Just five miles long and two miles wide, Whalsay has easy coastal walking. From the highest point, the Ward of Clett (393 feet), there's a panorama of the east coast of Shetland.

Whalsay also has Britain's most northerly 18-hole golf course, a leisure centre with heated swimming pool, and Shetland's museum to the German merchants of the Hansa. Accommodation on Whalsay is limited so it's best to book ahead. There's a small, family-run and pub, the Oot Ower Lounge at Livister, open Friday-Sunday. The Whalsay Boating Club bar at Symbister also welcomes visitors. The charity shop 'Shoard', a real Aladdin's cave, is also becoming a popular place for visitors - open on Wednesday, Thursday & Saturday afternoons (2-4pm).

Whalsay, home to a prosperous fishing community, has long been known in Shetland as 'Da Bonnie Isle'.


The harbour at Symbister is the hub of this fishing community of around 1,000 people - and a constant source of interest to islanders and visitors alike.

Craft owned and crewed by local families crowd the sheltered dock, from the smallest creel boats to big ocean-going trawlers - some of Europe's largest fishing vessels. The inner harbour is packed with colourful dinghies and the distinctive "Shetland Model" boats which compete in local sailing and rowing races.

The beach below the road around the head of the bay is partly man-made and was formerly used to dry salted cod and ling during the heyday of the line fishery from sixerns - open, six-oared boats - in the 18th and 19th centuries.

The Whalsay Heritage Centre is also located in Symbister and has exhibitions on throughout the year, as well as a family history room where records can be browsed.

The German Merchants

For hundreds of years the salt fish trade was in the hands of German merchants of the Hanseatic League. The museum in the Symbister Pier House tells how ships from Hamburg, Bremen and Lubeck sailed to Shetland every summer, bringing seeds, cloth, iron tools, salt, spirits, luxury goods and hard currency. Generations of the same families made the voyage and some merchants are buried in the islands.
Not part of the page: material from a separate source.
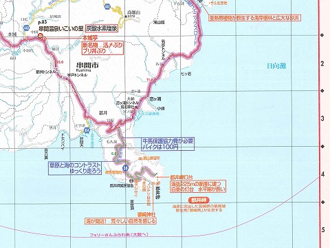 昨晩フェリーの中でルートを確認していると、今日予定している佐多岬に行くだけだと時間が余りそうでした。 だったので、ツーリング・マップルを眺めていて、都井岬が目に飛び込んできました。 ”ツーリング・ライダーは端っこが好き。” (^o^)v 志布志から都井岬は片道およそ40km。 志布志から佐多岬に行くのと逆方向なので往復で80km、行って帰ってざっと2時間。 ツーリング・マップルにもお薦めのルートになっています。 時間的に大丈夫そうなので、まずは宮崎県の最南端”都井岬”に行ってみることにしました。 ※ 地図はツーリング・マップルから転載させていただいきました。 |

This picturesque old building, restored with its dock and cargo hoist, was one of two Hanseatic booths, or warehouses, in Whalsay until the Germans were forced out by import duties after the 1707 Treaty of Union between England and Scotland.

Sodom and Hugh MacDiarmid

For most of the 1930s the Scots Communist poet Christopher Grieve ("Hugh MacDiarmid") lived in Whalsay. He was poor, little-known outside literary circles and regarded in the islands as an oddity, although his wife Valda and son Michael were well-liked.

In the croft house of Sodom (from the Norn sud-heim - the southern house) this often tormented genius wrote much of his finest poetry (including On a Raised Beach) and, via the Whalsay post office, conducted furious correspondence with the leading writers and thinkers of his generation.

Grieve was called up for war work in 1942 and never returned to Whalsay.

The tidal sounds and offlying rocks around Whalsay are among the best places in Shetland to see porpoises and occasional dolphins, Minke Whales and Orcas. So keep a lookout during the ferry crossing and you may see why the Vikings called it "Hvals-oy" - the island of whales.

Getting There

The ferry terminal for Whalsay is at Laxo, a 20-mile drive north of Lerwick. The crossing to Symbister takes 25 minutes and the service is frequent, although booking is advised in the peak season. View timetable here.

Day trips to Whalsay are certainly possible and with regular sailings you can spend as much or little time as you wish on the island. There is accommodation available if you wish to spend a bit longer exploring.